Wednesday, 13 February 2019
2182 Cyril Smith
Constituency : Rochdale 1972-92
The vagaries of first past the post meant that a 1% drop in the Liberals' vote share translated to a 50% drop in their seats total as Ted Heath's Tories scored a surprise victory in 1970. Apparently back to square one, the Liberals in Parliament were effectively reduced to a trio as Russell Johnson busied himself in Europe, Emlyn Hooson was usually in court and Jo Grimond was more than semi-retired.
Things changed rapidly in 1972 with a string of by-election victories starting with Cyril Smith's decisive triumph over Labour at Rochdale. It was Cyril's second attempt at the seat having got into second place in 1970.
This is a tricky post given some personal connections to Cyril and the controversy surrounding him in recent years. He was born in Rochdale, the illegitimate son of the town slut. He was educated at Rochdale Grammar School. He became a supporter of the Liberals as a teenager and found work in a mill at Littleborough, owned by Charles Harvey, nephew of the former Rochdale MP Gordon Harvey. One of his co-workers there was my mother. He left to become a Liberal agent in Stockport for the 1950 and 1951 elections but was advised that the party was doomed and he should switch to Labour. In 1952 he became a Labour councillor. He became a well known local figure as his weight ballooned. He was Mayor in 1966 making his mother Lady Mayoress at the same time as she held the job of cleaner at the Town Hall. He held a number of prominent local positions and helped set up Cambridge House, a home for delinquent boys which is at the root of the accusations against him. In 1966 he resigned from Labour after the group refused to raise council rents and sat as an Independent until 1970 when he rejoined his former party and stood for election. By this point he had already been investigated by police over claims he had physically abused boys at Cambridge House by spanking them with their trousers down but no prosecution resulted. He was a UNitarian
Cyril increased his majority in 1974 and became one of the party's best known figures. He was a robust populist taking positions on abortion and capital punishment which dismayed his colleagues. David Steel made him chief whip but found it very difficult to work with him as Cyril had scant respect for party discipline.
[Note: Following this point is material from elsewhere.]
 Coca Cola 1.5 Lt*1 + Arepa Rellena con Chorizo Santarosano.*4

In 1979 a local left wing magazine Rap published details of the Cambridge House allegations. Steel quizzed Cyril about them but accepted the police verdict and indeed the voters' verdict as Cyril more than doubled his majority that year. Cyril became industry spokesman in the new parliament. He was sceptical about the Alliance and said the SDP should be "strangled at birth ".
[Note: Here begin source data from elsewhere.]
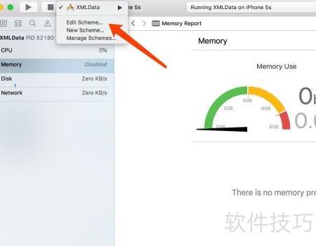 3、 在顶部导航栏点击工程名称,选择弹出菜单中的Edit Scheme…进入编辑界面,操作步骤如下所示。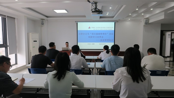 根據合肥分公司“項目管理年”活動(dòng)學(xué)習培訓計劃安排,9月20日下午,分公司組織開(kāi)展了第五期“項目管理年”活動(dòng)制度學(xué)習會(huì ),由分公司安全管理部負責人孔微明講授安全管理相關(guān)知識。分公司領(lǐng)導班子成員、機關(guān)員工以及項目部安全員參會(huì )。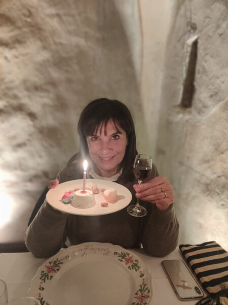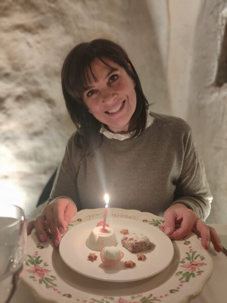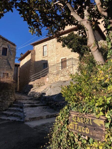 Nel castello si produceva il vino cotto ottenuto dalla bollitura del vino che successivamente viene conservato in botti di legno il cui contenuto non viene mai completamente spillato in quanto si lascia la “madre”, così chiamata perché serve a conferire sapore e aroma al prodotto dell’anno successivo. Lo abbiamo assaggiato insieme al dessert alla fine della cena che abbiamo prenotato nelle belle sale affrescate del ristorante di Castel di Luco in occasione del mio compleanno.

During the eighties his appearances in Parliament became infrequent. He justified his absences by saying he could do a better job as an MP elsewhere than sitting as "lobby fodder" in a House where one party enjoyed a large majority. In 1985 he sent me some material to help with my dissertation on early twentieth century Liberalism. He was rumoured to be considering standing down in 1986 but he made a rare appearance at a Liberal Assembly that year to announce that he was indeed standing again and enjoyed his sixth and final triumph that year.
In 1988, Cyril fervently supported his colleague David Alton's bill to tighten up the abortion laws and was reprimanded for describing his opponents as "murderers in the womb" when it was talked out. That was pretty much it as far as Parliament was concerned and he had the poorest voting record of any MP in his final years. He was knighted in 1988 and appeared in an advert for American Express.
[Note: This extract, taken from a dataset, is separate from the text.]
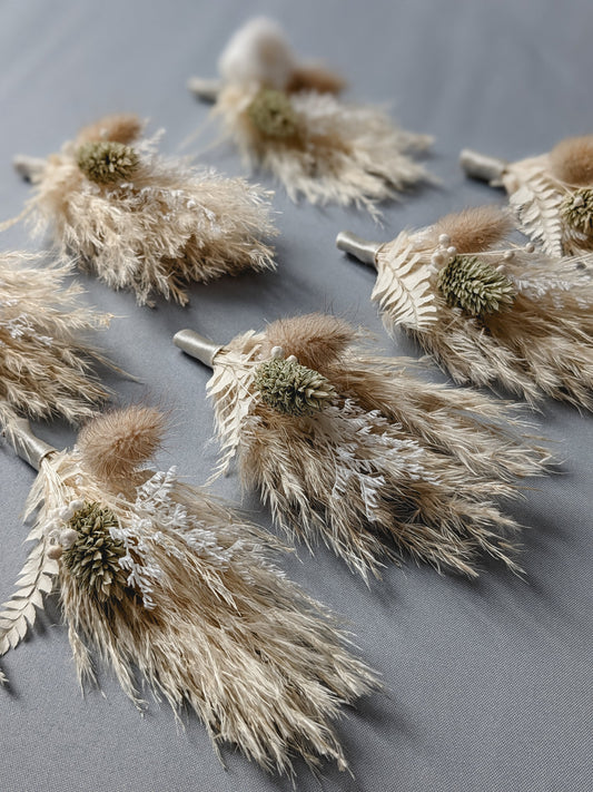 Choose eucalyptus and gypsophila for something different. Go for pampas grass for texture and movement. Add warmth with burnt orange tones that stand out without going too bold. These dried flower buttonholes are a great fit for grooms, groomsmen, or guests who want something different.

Cyril was still active in the local party for some years afterwards. I last saw him in the flesh at the wake following his successor Liz Lynne's defeat in 1997. I heard him speak on a number of occasions but never actually had a conversation with him. I last saw him on TV in a documentary about one-hit wonders; he was appearing with Don Estelle in Rochdale Market doing the Windsor Davies part in a version of Whispering Grass.
Cyril was regularly embarrassed by having to do interviews whenever Rochdale FC had a Cup run or a televised game. Cyril had zero interest in football and had trouble faking it. Before a Sky game circa 1999 he came out with the lame comment that "they don't do any harm" which is still remembered at Spotland.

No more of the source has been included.